Below this sentence is a listing; return exactly its lines from the one with "Lighthouse Dolphin Anchor" to the one with "Festive background with", both kept, and nothing more.

Information shown section start

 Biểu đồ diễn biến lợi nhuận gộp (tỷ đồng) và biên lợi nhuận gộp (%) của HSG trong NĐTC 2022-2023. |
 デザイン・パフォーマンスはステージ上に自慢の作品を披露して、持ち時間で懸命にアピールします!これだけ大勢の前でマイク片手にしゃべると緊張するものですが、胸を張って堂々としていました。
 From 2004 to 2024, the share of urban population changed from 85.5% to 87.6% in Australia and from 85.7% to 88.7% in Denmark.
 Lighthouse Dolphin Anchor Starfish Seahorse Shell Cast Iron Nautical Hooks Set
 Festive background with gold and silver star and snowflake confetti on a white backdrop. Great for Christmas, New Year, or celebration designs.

Information shown section end
Information shown section start

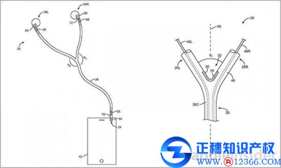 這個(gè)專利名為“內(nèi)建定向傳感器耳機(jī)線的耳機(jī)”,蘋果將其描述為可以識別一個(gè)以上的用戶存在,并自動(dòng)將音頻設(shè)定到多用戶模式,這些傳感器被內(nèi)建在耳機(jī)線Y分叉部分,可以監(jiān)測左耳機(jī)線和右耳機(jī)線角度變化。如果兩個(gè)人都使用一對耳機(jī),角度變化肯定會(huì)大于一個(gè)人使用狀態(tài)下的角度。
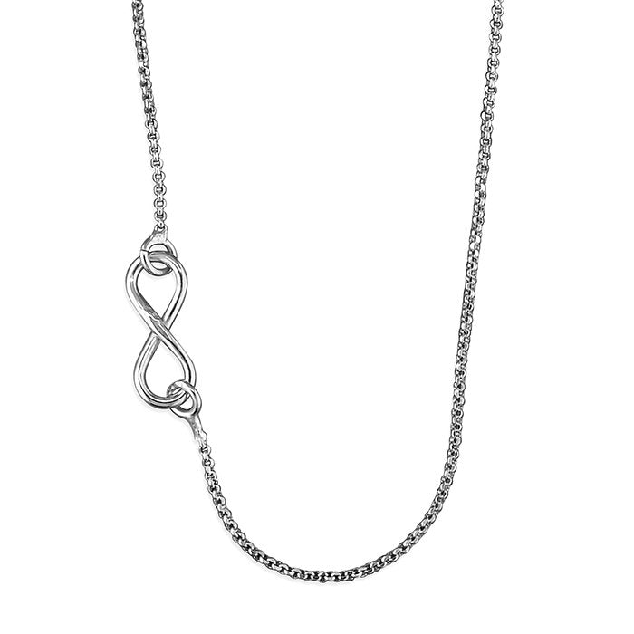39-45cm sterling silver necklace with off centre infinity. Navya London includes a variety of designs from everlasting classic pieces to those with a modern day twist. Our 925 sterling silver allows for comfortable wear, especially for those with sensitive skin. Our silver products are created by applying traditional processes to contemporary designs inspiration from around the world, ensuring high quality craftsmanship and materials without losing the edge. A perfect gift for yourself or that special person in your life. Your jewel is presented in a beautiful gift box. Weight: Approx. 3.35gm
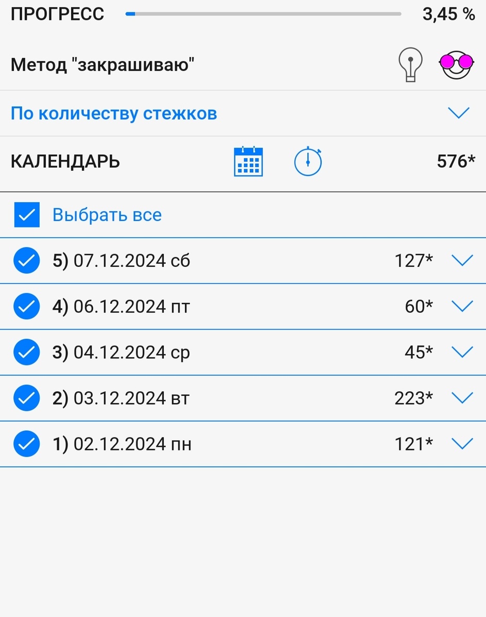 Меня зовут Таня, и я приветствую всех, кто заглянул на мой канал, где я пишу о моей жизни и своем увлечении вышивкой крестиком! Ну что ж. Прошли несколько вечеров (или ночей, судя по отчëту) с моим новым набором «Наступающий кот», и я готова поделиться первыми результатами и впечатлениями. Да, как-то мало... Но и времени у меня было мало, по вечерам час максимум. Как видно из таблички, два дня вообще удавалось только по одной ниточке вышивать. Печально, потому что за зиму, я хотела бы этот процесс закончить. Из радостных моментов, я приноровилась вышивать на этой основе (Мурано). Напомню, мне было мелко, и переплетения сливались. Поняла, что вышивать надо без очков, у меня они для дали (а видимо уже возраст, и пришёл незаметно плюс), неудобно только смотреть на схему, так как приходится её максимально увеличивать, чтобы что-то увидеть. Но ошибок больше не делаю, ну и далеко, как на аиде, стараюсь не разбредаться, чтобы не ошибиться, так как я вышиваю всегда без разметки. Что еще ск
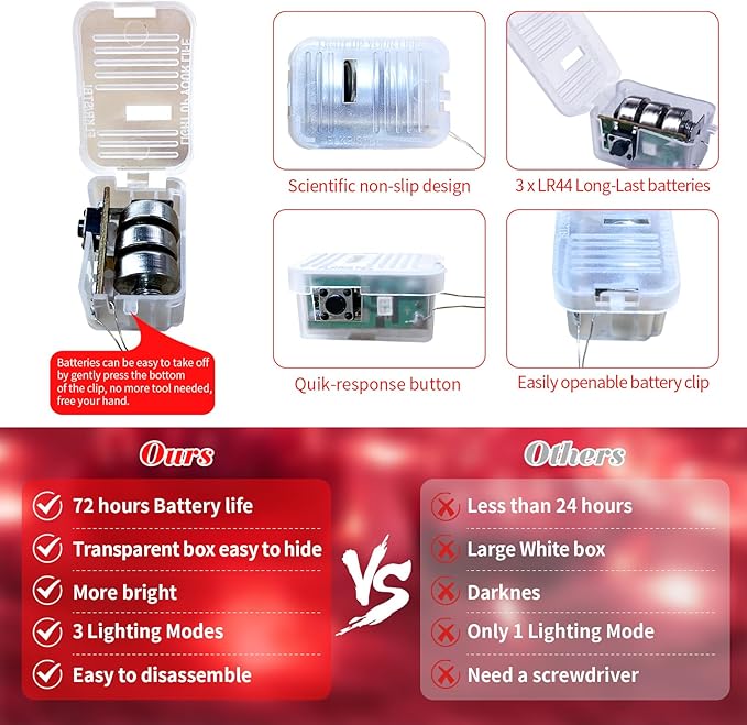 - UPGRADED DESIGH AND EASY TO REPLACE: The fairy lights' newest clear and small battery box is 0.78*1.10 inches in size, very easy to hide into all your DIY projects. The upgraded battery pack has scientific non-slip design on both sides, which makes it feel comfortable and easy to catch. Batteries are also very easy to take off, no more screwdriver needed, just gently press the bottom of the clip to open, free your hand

Information shown section end

Exercise result:
 Lighthouse Dolphin Anchor Starfish Seahorse Shell Cast Iron Nautical Hooks Set
 Festive background with gold and silver star and snowflake confetti on a white backdrop. Great for Christmas, New Year, or celebration designs.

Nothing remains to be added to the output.